My last post was vague, intellectual and serious; three things white men have gravitated toward in place for emotion for centuries. In my growing up the last year I have not only become wiser, but more introspective. For example I know now that there are a number of careers I will never have: professional athlete, thespian, astronaut, physicist or President. Though that still leaves many options open, I feel that if each decade of your life had a title your 20s might be Disappointment Curbed By Alcohol or The Rest of Your Life.

All of this is to say sometimes you get down a little bit. There are successes though. I have all my desks. The school gave me a laptop a few weeks back - hence my ability to write this. My third period loves to read. One student wrote me two pages about Jay Z's Decoded and told me about his upbringing. I wrote him a letter back detailing events in my own life that mirrored his. This student is a "full-time job" for many teachers. After reading my letter he sat and worked hard the rest of the class period.

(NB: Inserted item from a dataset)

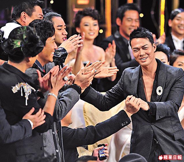 45歲的黎耀祥昨晚不但眾望所歸贏得視帝寶座,更撼低Laughing哥謝天華奪得我最喜愛的電視男角色和tvb.com人氣大獎,成為三料視帝,成績彪炳。黎耀祥昨晚獲獎時,全場演員起立為他鼓掌歡呼,他跟出爐視后鄧萃雯擁抱互相道賀。

Today in the same third period I busted out some poems about Hip Hop and its creation of a way of life. One student who often sleeps worked to the bone. When the office called to say that his mother was there to take out him out of school early he wrote for one more minute and then looked at me as if leaving school were the greatest tragedy of his life. Moments like these overshadow the other more difficult periods of the day that are all too easy to linger on.

Tomorrow marks Homecoming, and more importantly, the end of Homecoming week at AEHS. I'm starting The Crucible next week and I pray that we can start picking up some momentum.

I'll write again soon,

Mr. Stevens

4 comments:

  1. Mr.Stevens, I want to be in your class! That's great that students have desks now. It's about time! Keep your chin up.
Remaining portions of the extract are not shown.